After 67 years as a registered Democrat, Dershowitz officially changed his loyalty to the Republican Party on Monday.
Dershowitz announced the switch in a Wall Street Journal op-ed titled “Why I’m Becoming a Republican.” The legal mastermind said the Democratic Party’s increasingly hostile stance toward Israel was one of the many reasons for his departure.
“I am a lifelong Democrat. I started campaigning for the party’s local candidates as a teenager in Brooklyn, N.Y., have been a registered Democrat for 67 years, made speeches for John F. Kennedy as a college student, and can count on one hand the number of Republicans I’ve ever supported for any office,” Dershowitz wrote. “Yet I’ve decided to bite the bullet and register as a Republican.”
The breaking point, he said, was a recent Senate vote in which all but seven Democrats backed socialist Sen. Bernie Sanders’ arms embargo against Israel.
“The Democratic Party has become the most anti-Israel party in U.S. history,” Dershowitz wrote.
Despite the switch, Dershowitz made clear the Republican Party is not a perfect fit. He said he “strongly” disagrees with the GOP on abortion, immigration, healthcare, taxes, and the separation of church and state.
But the Democratic Party has swung too far left, so he said the scales have tipped.
“I believe that the Democratic Party’s hostility to Israel represents a deeper and more dangerous shift away from the center and toward a radical approach that is bad for America and the free world,” he wrote.
Dershowitz pledged to actively campaign and fundraise against Democrats going forward.
“I will contribute money to Republican candidates, campaign for them, make speeches at Republican events, and urge pro-Israel Americans to change party affiliation or at least vote against Democrats,” he wrote. “Until something changes, I will vote Republican for representative, senator and president.”
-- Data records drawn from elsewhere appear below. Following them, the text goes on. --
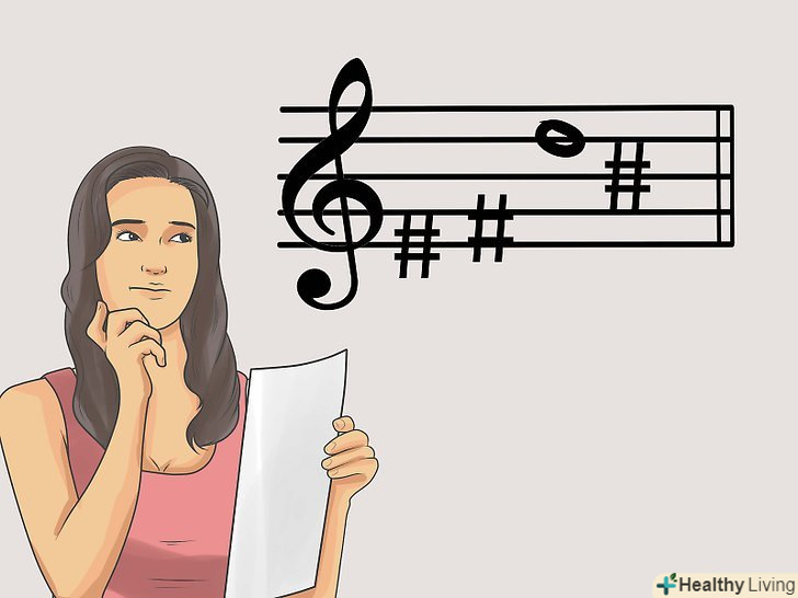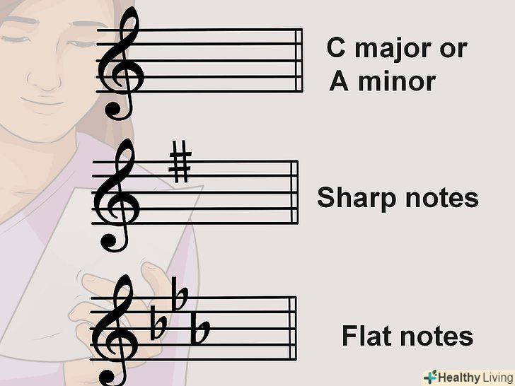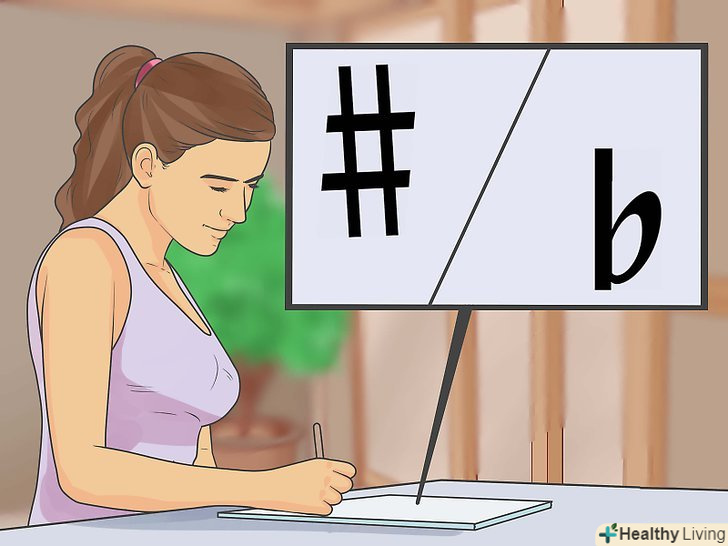 Визначте ключовий знак. з надрукованими нотами ви можете визначити ключ пісні, подивившись на її ключовий знак. Це набір невеликих позначок між ключем (скрипковий або басовий) і тимчасовою відміткою (числа, які виглядають як частки).[8]- Ви побачите або # (дієз) або ♭ (бемоль).
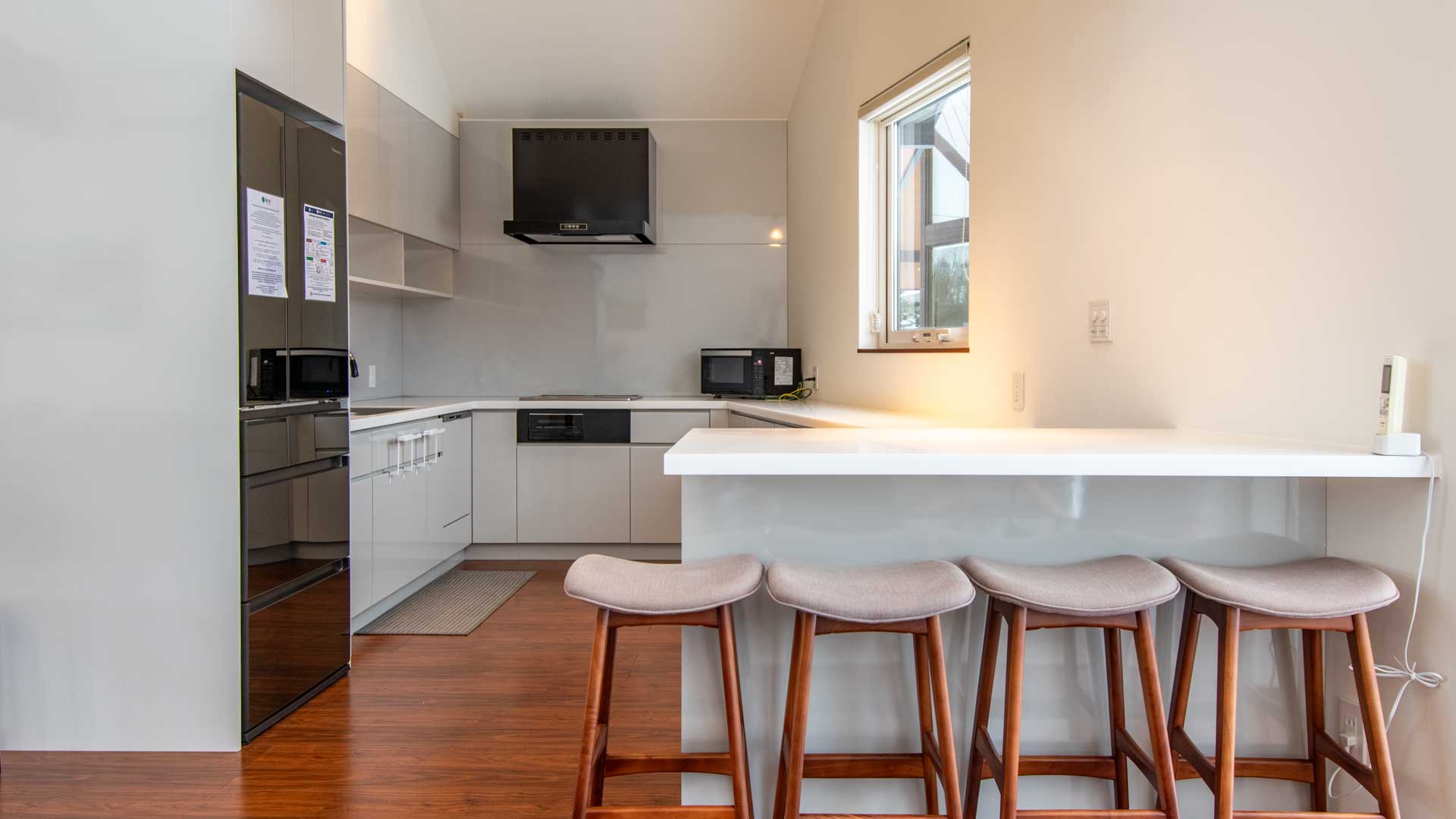Miyabi, a charming 4 bedroom chalet, is ideal for families or large groups. The floor plan incorporates an open-plan living, dining and kitchen space upstairs along with one of its bedrooms. The remaining bedrooms, all with their own ensuite, can be found on the first floor. This chalet sleeps 8 guests. Up to 10 guests may be accommodated for an extra charge.
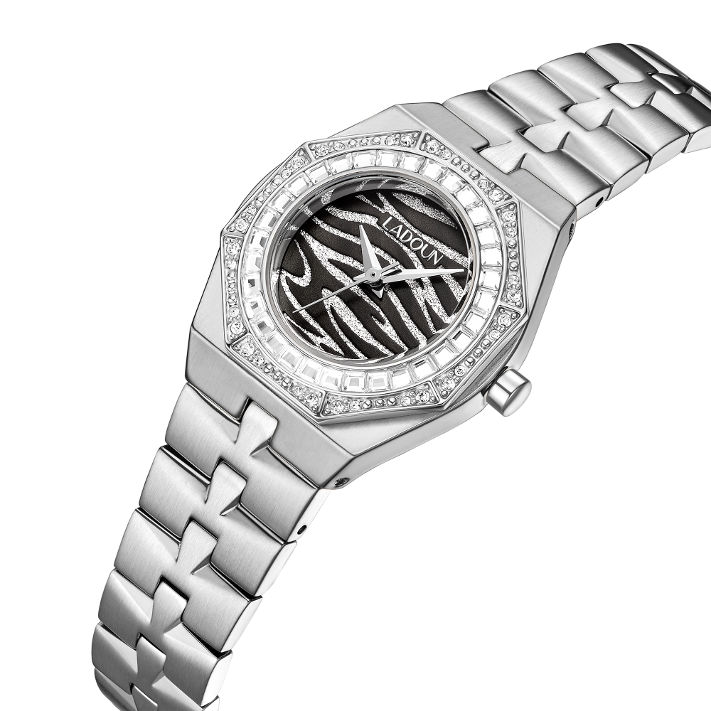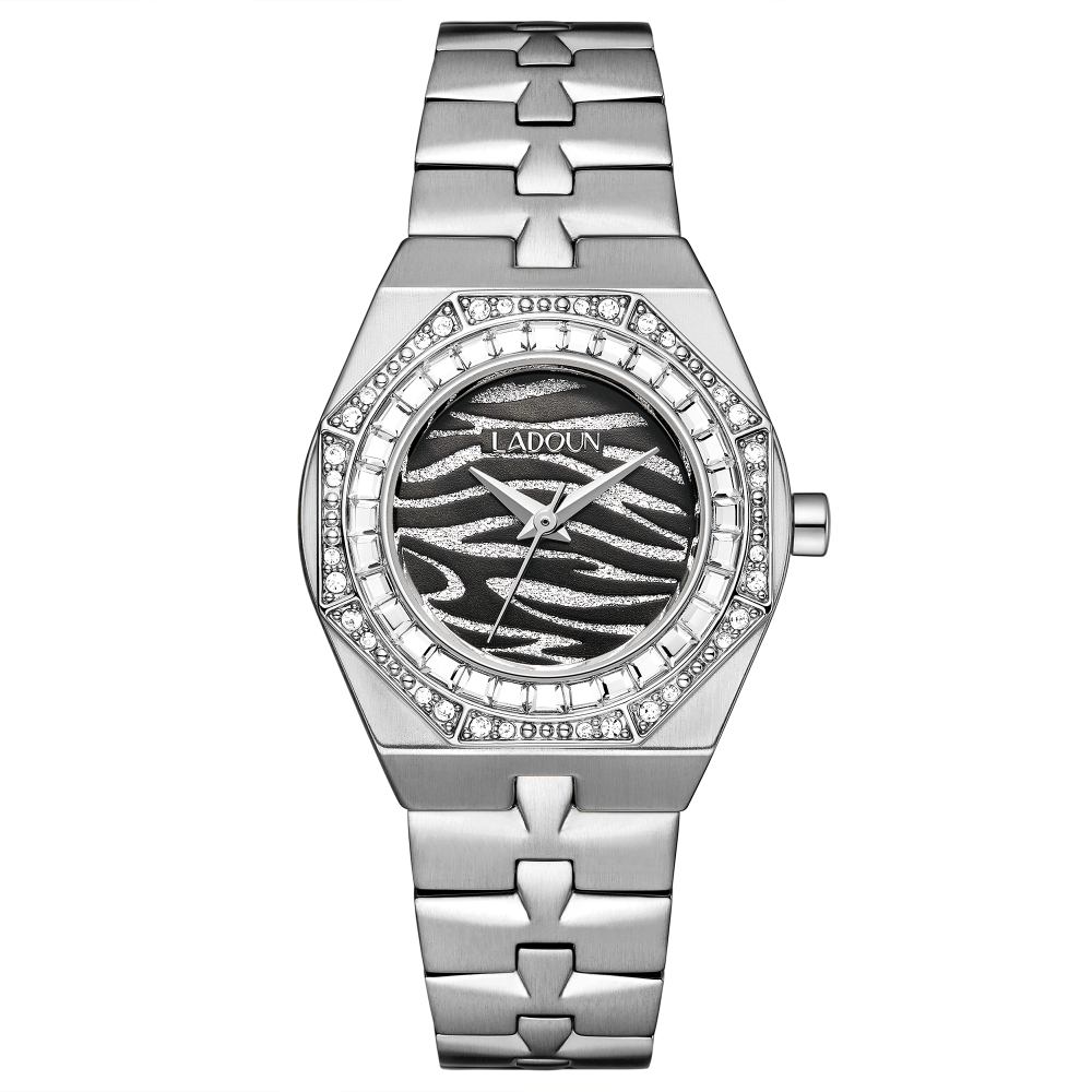 ساعة نسائية فاخرة من LADOUN – تصميم دائري فضي

The move completes a political shift that began in 2024, when Dershowitz first cancelled his Democratic registration and identified as an independent following the Democratic National Convention. At the time, he cited the growing influence of anti-Israel voices within the party.
Over his career at Harvard Law, Dershowitz taught Obama and various other prominent figures across the political spectrum. He also served on President Donald Trump’s legal team during his first impeachment in 2020, though he endorsed Joe Biden in that same election cycle.